PAST PERFORMANCE AND FORWARD-LOOKING STATEMENTS
The performance and results of operations of the Group contained within this Annual Report are historical in nature, and past performance is no guarantee of future results of the Group. This Annual Report contains
forward-looking statements within the meaning of the “safe harbor” provisions of the U.S. Private Securities Litigation Reform Act of 1995. These forward-looking statements can be identified by words like “will,”
“expects,” “anticipates,” “future,” “intends,” “plans,” “believes,” “estimates,” “pipeline,” “could,” “potential,” “first-in-class,” “best-in-class,” “designed to,” “objective,” “guidance,” “pursue,” or similar terms, or by express
or implied discussions regarding potential drug candidates, potential indications for drug candidates or by discussions of strategy, plans, expectations or intentions. You should not place undue reliance on these
statements. Such forward-looking statements are based on the current beliefs and expectations of management regarding future events, and are subject to significant known and unknown risks and uncertainties.
Should one or more of these risks or uncertainties materialize, or should underlying assumptions prove incorrect, actual results may vary materially from those set forth in the forward-looking statements. There can
be no guarantee that any of our drug candidates will be approved for sale in any market, or that any approvals which are obtained will be obtained at any particular time, or that any such drug candidates will achieve
any particular revenue or net income levels.

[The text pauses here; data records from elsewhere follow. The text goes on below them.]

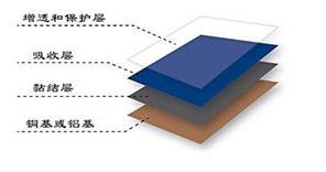 平板太陽能集熱器的集熱技術主要體現(xiàn)在太陽能選擇性涂層。由于技術工藝不同,不同涂層的吸收率、發(fā)射率及使用壽命也不同。
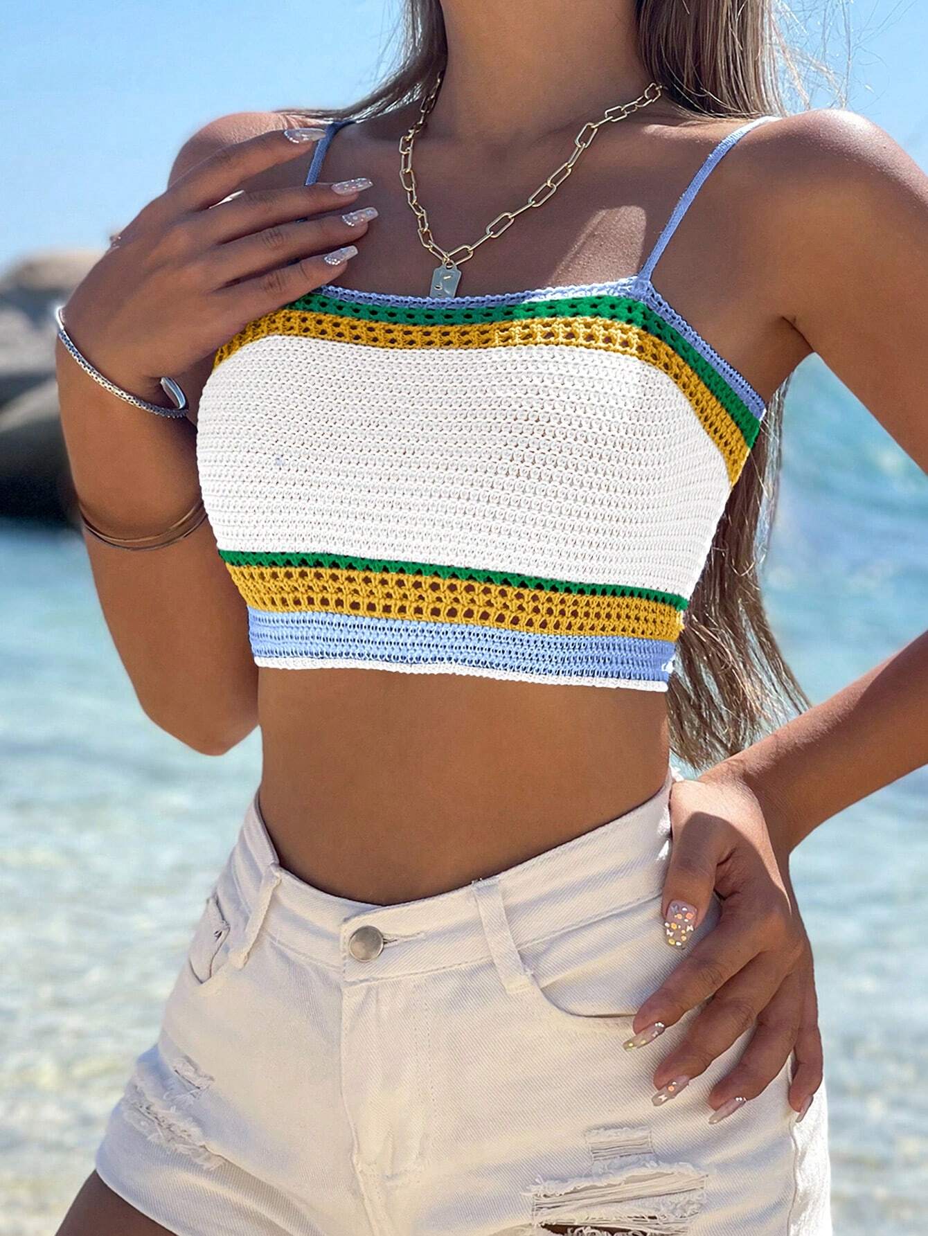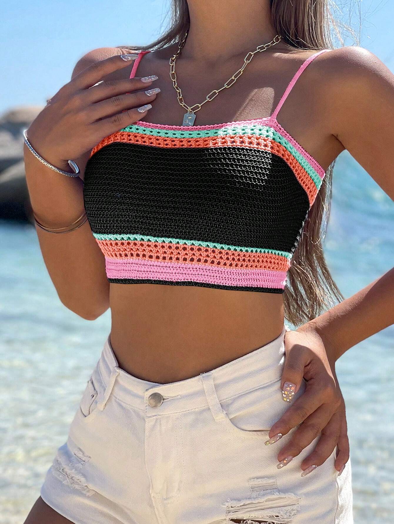VCAY Color Block Cropped Knit Camisole Top
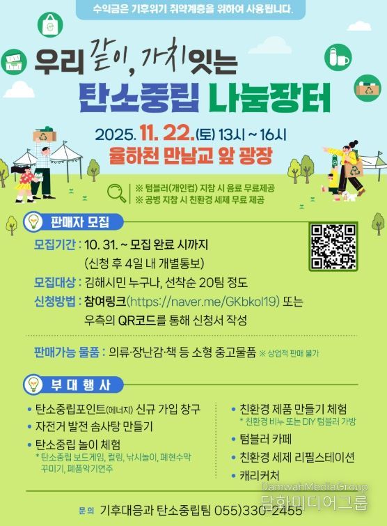 시민행정신문 김학영 기자 | 김해시는 김해시기후환경네트워크와 함께 오는 22일 율하유적전시관 앞 광장 일원에서 ‘우리 같이, 가치 잇는 탄소중립 나눔장터’를 개최한다고 20일 밝혔다.

In particular, management’s expectations could be affected by, among other things: unexpected regulatory actions or delays or government regulation generally; the
uncertainties inherent in research and development, including the inability to meet our key study assumptions regarding enrollment rates, timing and availability of subjects meeting a study’s inclusion and exclusion
criteria and funding requirements, changes to clinical protocols, unexpected adverse events or safety, quality or manufacturing issues; the inability of a drug candidate to meet the primary or secondary endpoint of a
study; the inability of a drug candidate to obtain regulatory approval in different jurisdictions or gain commercial acceptance after obtaining regulatory approval; global trends toward health care cost containment,
including ongoing pricing pressures; uncertainties regarding actual or potential legal proceedings, including, among others, actual or potential product liability litigation, litigation and investigations regarding sales
and marketing practices, intellectual property disputes, and government investigations generally; and general economic and industry conditions, including uncertainties regarding the effects of the persistently weak
economic and financial environment in many countries, uncertainties regarding future global exchange rates and uncertainties regarding the impact of the COVID-19 pandemic. For further discussion of these and
other risks, see HUTCHMED’s filings with the U.S. Securities and Exchange Commission, on AIM and on HKEX. HUTCHMED is providing the information in this Annual Report as of this date and does not undertake any
obligation to update any forward-looking statements as a result of new information, future events or otherwise.
In addition, this Annual Report contains statistical data and estimates that HUTCHMED obtained from industry publications and reports generated by third-party market research firms. Although HUTCHMED believes
that the publications, reports and surveys are reliable, HUTCHMED has not independently verified the data and cannot guarantee the accuracy or completeness of such data. You are cautioned not to give undue weight
to this data. Such data involves risks and uncertainties and are subject to change based on various factors, including those discussed above.